**What you are asked to do**
The answer must consist only of the lines in the records below from the line with "- Diplomado Grado" to the line with "(2)A、B、C、D四点中,位于北半球的", both included, copied word for word with every picture left out.

**Excerpted records**
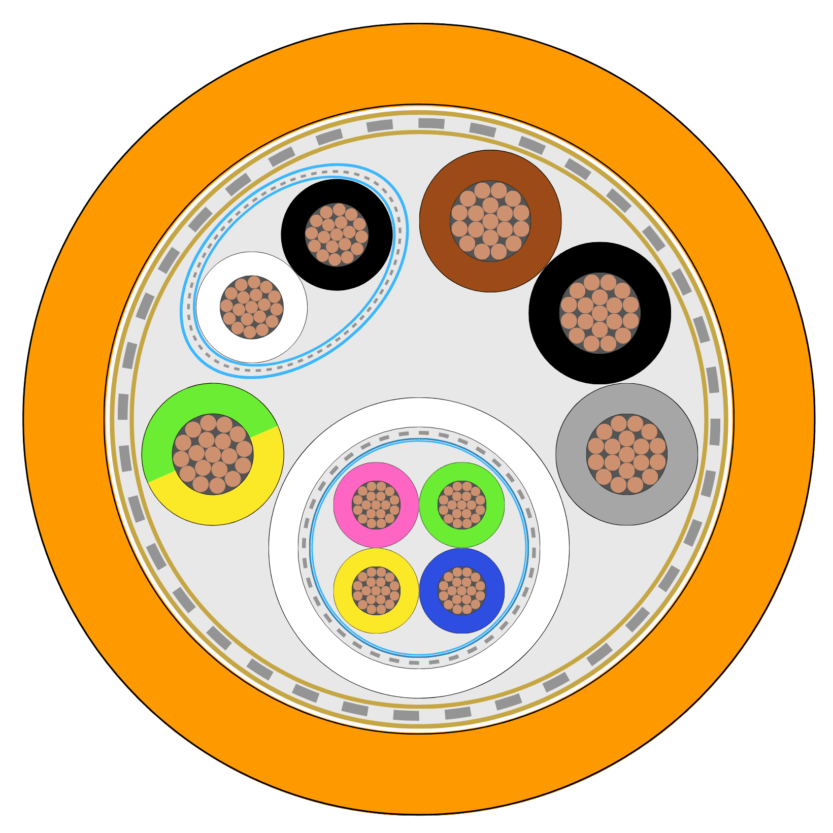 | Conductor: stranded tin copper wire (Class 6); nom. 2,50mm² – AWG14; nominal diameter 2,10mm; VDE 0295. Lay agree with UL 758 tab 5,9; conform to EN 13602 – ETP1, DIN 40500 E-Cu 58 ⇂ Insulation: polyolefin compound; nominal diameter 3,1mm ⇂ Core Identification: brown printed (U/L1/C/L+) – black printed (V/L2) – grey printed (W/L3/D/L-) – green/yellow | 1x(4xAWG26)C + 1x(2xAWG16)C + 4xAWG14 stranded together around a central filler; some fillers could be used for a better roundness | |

==

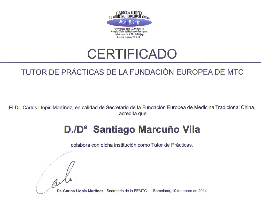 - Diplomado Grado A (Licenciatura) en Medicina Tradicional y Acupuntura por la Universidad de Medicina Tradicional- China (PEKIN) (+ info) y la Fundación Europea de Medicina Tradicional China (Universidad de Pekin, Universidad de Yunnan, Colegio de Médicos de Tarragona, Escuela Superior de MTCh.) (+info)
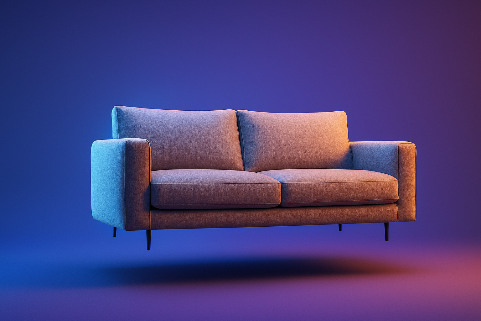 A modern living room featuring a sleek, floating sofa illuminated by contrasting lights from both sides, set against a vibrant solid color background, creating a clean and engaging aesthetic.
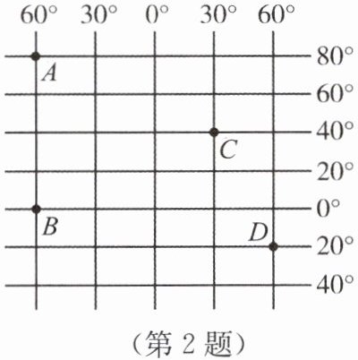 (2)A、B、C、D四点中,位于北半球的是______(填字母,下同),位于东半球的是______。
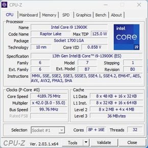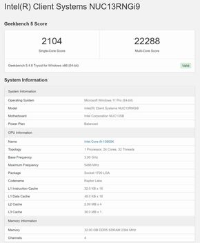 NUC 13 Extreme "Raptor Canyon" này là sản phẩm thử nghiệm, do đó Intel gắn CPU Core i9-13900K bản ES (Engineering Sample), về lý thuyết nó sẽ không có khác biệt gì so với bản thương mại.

==

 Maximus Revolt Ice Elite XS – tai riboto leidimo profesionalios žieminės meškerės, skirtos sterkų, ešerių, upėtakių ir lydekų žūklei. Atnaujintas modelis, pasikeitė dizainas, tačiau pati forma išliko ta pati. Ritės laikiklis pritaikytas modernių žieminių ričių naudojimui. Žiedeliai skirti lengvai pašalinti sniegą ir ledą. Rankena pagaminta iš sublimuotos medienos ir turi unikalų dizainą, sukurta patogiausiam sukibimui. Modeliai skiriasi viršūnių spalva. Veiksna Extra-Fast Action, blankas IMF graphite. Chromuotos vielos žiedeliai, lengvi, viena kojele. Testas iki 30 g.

**Task solution**
 - Diplomado Grado A (Licenciatura) en Medicina Tradicional y Acupuntura por la Universidad de Medicina Tradicional- China (PEKIN) (+ info) y la Fundación Europea de Medicina Tradicional China (Universidad de Pekin, Universidad de Yunnan, Colegio de Médicos de Tarragona, Escuela Superior de MTCh.) (+info)
 A modern living room featuring a sleek, floating sofa illuminated by contrasting lights from both sides, set against a vibrant solid color background, creating a clean and engaging aesthetic.
 (2)A、B、C、D四点中,位于北半球的是______(填字母,下同),位于东半球的是______。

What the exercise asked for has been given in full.